Chief Director of the Swedish Tax Agency
- In office 21 January 2013 – 1 December 2016
- Preceded by: Magdalena Andersson

Personal details
- Born: Helena Maria Håstad 19 July 1959 (age 66) Uppsala, Sweden
- Party: Liberal People's Party
- Alma mater: Stockholm University

= Helena Dyrssen =

Swedish jurist and politician (born 1959)

Helena Maria Dyrssen (born 19 July 1959) is a Swedish jurist and politician. From 2013 to 2016 she was the Chief Director of the Swedish Tax Agency. She left her post shortly after Swedish Television announced that Dyrssen tried to warn her former colleague Frank Belfrage that his assets were being investigated by journalists as part of the Panama Papers investigation.

Dyrssen was educated at Stockholm University, and holds an jur.kand. She was state secretary in the Ministry of Culture under Minister for Culture Birgit Friggebo from 1991 to 1994.

Subsequently, she worked in the business world, first as CIO at TV4 and then in a similar position at the insurance company If P&C Insurance.
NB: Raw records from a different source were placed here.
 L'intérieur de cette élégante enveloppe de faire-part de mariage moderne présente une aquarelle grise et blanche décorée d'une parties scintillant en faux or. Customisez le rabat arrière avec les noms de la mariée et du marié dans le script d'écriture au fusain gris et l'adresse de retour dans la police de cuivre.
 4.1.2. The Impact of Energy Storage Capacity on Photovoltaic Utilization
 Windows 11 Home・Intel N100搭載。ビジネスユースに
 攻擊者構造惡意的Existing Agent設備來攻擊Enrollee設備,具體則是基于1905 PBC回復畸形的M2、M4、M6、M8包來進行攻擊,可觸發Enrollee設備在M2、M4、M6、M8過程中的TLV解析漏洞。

In 2005, she was appointed Chief of Staff for the Liberal People's Party party leader's staff with the main task to lead the collaboration with the other parties in the Alliance for Sweden prior to the 2006 general election.
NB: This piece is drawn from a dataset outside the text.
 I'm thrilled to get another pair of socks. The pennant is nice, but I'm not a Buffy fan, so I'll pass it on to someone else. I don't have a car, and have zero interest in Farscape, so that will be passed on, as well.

Dyrssen was made acting party secretary on 5 September 2006 for the Liberal People's Party since the former party secretary Johan Jakobsson was forced to resign because of his connection to the Swedish general election, 2006, computer infringement affair.

When the Reinfeldt Cabinet assumed office on 6 October 2006, she became state secretary in the Prime Minister's Office with responsibility for coordination of the Liberal People's Party. She left the position on 21 January 2013, having been appointed new Chief Director of the Swedish Tax Agency.

She is married to Gustaf Dyrssen, a lawyer, with whom she has two sons.